Yeah, `cov_exp_quad` should accept the metatype for all one-dimensional containers of reals.

The errors are in Section 41.1 and Index, but I think it’s possible that instead of `real[] x`, these might be also `reals`, but Ican’t be sure and I didn’t fix these, but added a comment to the next manual issue.

1 Like

That’s right.

• `reals y` is shorthand for any of `real` (scalar), `real[]` (1D array of scalars), `vector` (column vector), and `row_vector` (row vector),

• `real[] y` is the function-argument notation that packs a type without sizes together into a single string, and

• `real y[N] ...` is for declaring the variable `y`.

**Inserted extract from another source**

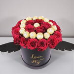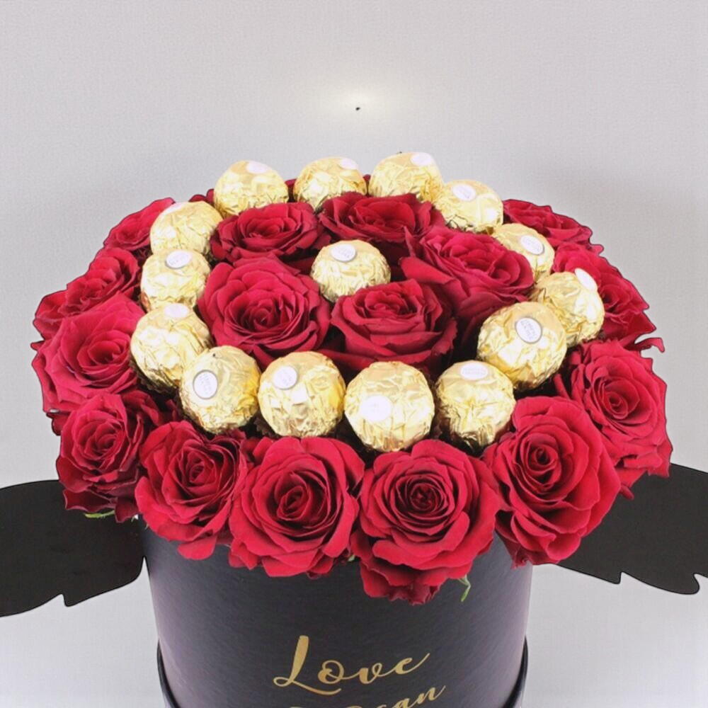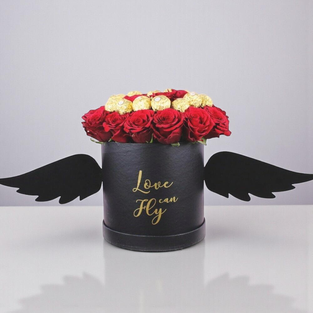 Une combinaison à couper le souffle de passion et d'indulgence, cet arrangement luxueux présente des roses rouge profond élégamment associées à des Ferrero Rocher décadents dans une boîte-cadeau noire et élégante. Les chocolats dorés brillent comme des bijoux au milieu des pétales veloutés, en faisant le cadeau romantique parfait pour les anniversaires, les fêtes d'anniversaire ou toute occasion spéciale. Le design Love Can Fly ajoute une touche fantaisiste, symbolisant un amour sans limites. Conservez l'arrangement dans un endroit frais et sec, à l'abri de la lumière directe du soleil et de la chaleur. Ne réfrigérez pas les chocolats. Brumisez légèrement les fleurs avec de l'eau chaque jour pour maintenir leur fraîcheur. Si l'arrangement contient de la mousse florale, ajoutez une petite quantité d'eau tous les deux jours pour garder les roses hydratées.

For use, yes, but the definitions don’t use the bar. We could change that, but it looks odd with the types.

I’m a computer scientist, so I always like things encapsulated in small functions. Here, I think it would make sense to have something like this:

``````real my_normal_lpdf(real y, real mu, real sigma) {
... base definition ...
}

real[] my_normal_vec_lpdf(real[] y, real mu[], real sigma) {
real lpd[size(y)];
for (n in 1:size(y)) lpd[n] = my_normal_lpdf(y[n], mu[n], sigma);
return lpd;
}
``````

Or you could get fancy and code the vectorized version more efficiently by reusing shared expressions.

Then you can call `my_normal_vec_lpdf` in both places, and just do

``````target += my_normal_vec_lpdf( ... );
``````

because `+=` should take containers on the right-hand side and just add them all to the target log density.

`-sum(y) ./ sigma` should be just `-sum(y) / sigma`.

`dims(y)[1]` can be just `size(y)`

`(-1/k)*sum(...)` should probably be `-sum(...) / k`.

1 Like

Me, too. Yes, if the manual has that, it’s wrong. I want to actually move to using

``````real[5] x;
``````

for array declarations. The only confusing thing is

``````matrix[4, 5][3] x;
``````

is then going to be a 3-element array of 4x5 matrices.

I don’t really mind having the array size after `x`; I just don’t use `real x[K]` much anymore.

``````y ~  my_normal_vec( ... );
What bugs me is the inconsistency in function arguments. Those don’t have the problem of having vector or matrix sizes. So it’s just `matrix x` or `matrix[] xs` for an array of matrices.
No, that won’t work, I’m afraid. The return type has to be `real`.